Anyway, some groups on campus were performing "various selected scenes from Les Miserables" in this crazy-ass barn. I had snuck in and was off to the side when two people performed "A Little Fall of Rain" (and really in Japanese in my dream; I can remember the exact words that well, already, lol :-P), entirely in Japanese. Then, in the middle of the song, Lara and a couple of kids I figured also had to be from my Japanese class (they were standing creepily in the shadows) drag me up and out to the second floor, where I could watch down through the hole in the ceiling, being all like "You have to hear the Japanese from above; it's better that way," or something. I ended up sitting with a bunch of people speaking Japanese. It was okay, I guess . . .
. . . until the next group walked on, which was performing the whole barricade sequence-- complete with gunshots that were definitely fireworks and definitely enough to bring the barn down. It kept shaking and I thought I was going to be sick.
(Come to think about it, that's probably when it stormed last night-- all that shaking and rumbling; I woke up this morning-- around 10:00, I guess-- with my clock completely wrong-- forever preserved at 2:45 am, lol-- and realized that it had completely stormed, last night, lol . . . )

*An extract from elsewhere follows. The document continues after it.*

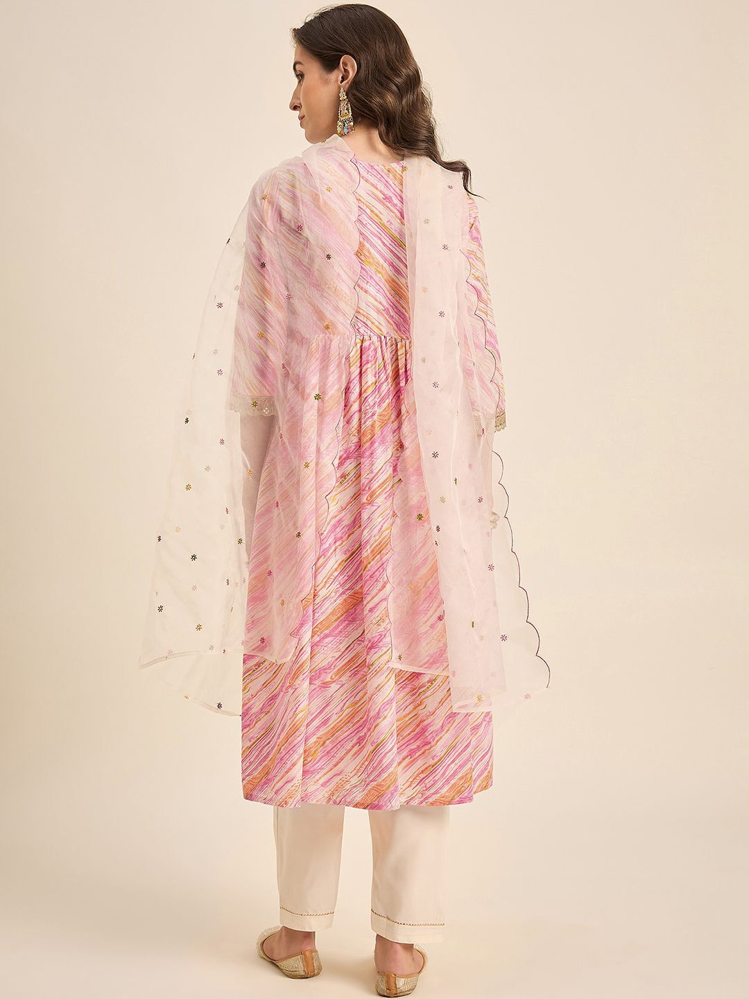 Anouk Rustic Women Leheriya Embroidered Pleated Sequinned Kurta with Trousers & Dupatta

Anyway, after that, I had to leave-- there was going to be a capella interpretations of Les Mis songs, and, for some reason, I just didn't think I could stand that, in my dream, lol . . . So I walked out onto the quad (this freaky little barn, there, you see, was just taking the place of Graham Chapel, or something . . . ). So then I was accosted by some kid who knew I liked Les Mis and knew I liked Japanese and therefore knew I liked Japanese Les Mis and was like, "You realize Les Mis can never work in Japan"-- and we had a full-out discussion/debate about the applicability of Les Mis in Japanese society, lol . . .

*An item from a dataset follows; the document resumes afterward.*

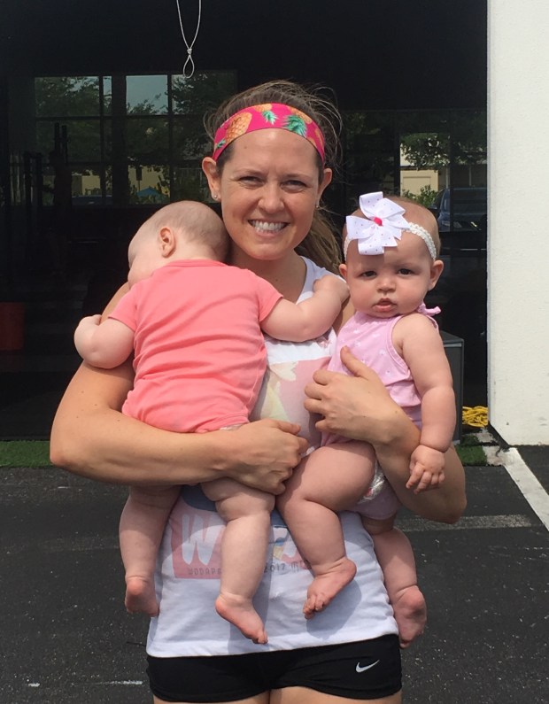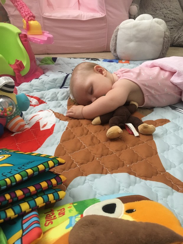 A couple brought their sweet baby in and she started to fuss as soon as their workout was starting so I picked her up and she went to sleep. She was so sweet! Kensie loved having a friend to stare at. They’re only 2 weeks and 1lb apart!

Then, I get cut off by this obnoxious, smarmy, wormy-looking kid carrying a pack of business cards. He goes, "Do you like science?"
. . . and I go, "Um, yeah, I guess . . . " and then I'm like, "Oh! Shit! No! No! No!" because I realize it is the Scientology people (lol). I try to hand back my card to them, but the boy like, "Mwahaha! No!" and moves on to the next person. I don't read the front of the card, but flip it over and realize there is carved into the back-- not written, not even written-carved, just like rudely taken a knife to it-- "Don't Be A Heretic."
(I guess this technically becomes a nightmare, now, because I am terribly afraid of religious fanatics, and, well, they really count as them, lol . . . )
. . . but then it just gets a little bit worse. While Scientology boy goes off to accost Les Mis-Japanese-accosting boy (poor kid-- he and I had some great discussions, we did, however unreal how very much so he was, lol . . . ), I turn around and find Keith waiting behind me. He, too, is holding a Scientology card and looking very perplexed.
I can't figure out what the hell is wrong with him; he looks different, for some reason.
Then I realize he doesn't have any eyebrows.
The moral of the story is: Les Mis is awesome, and the Scientologists will steal your eyebrows.
no subject
Date: 2006-05-13 09:17 am (UTC)Can you draw a picture of Keith without his eyebrows?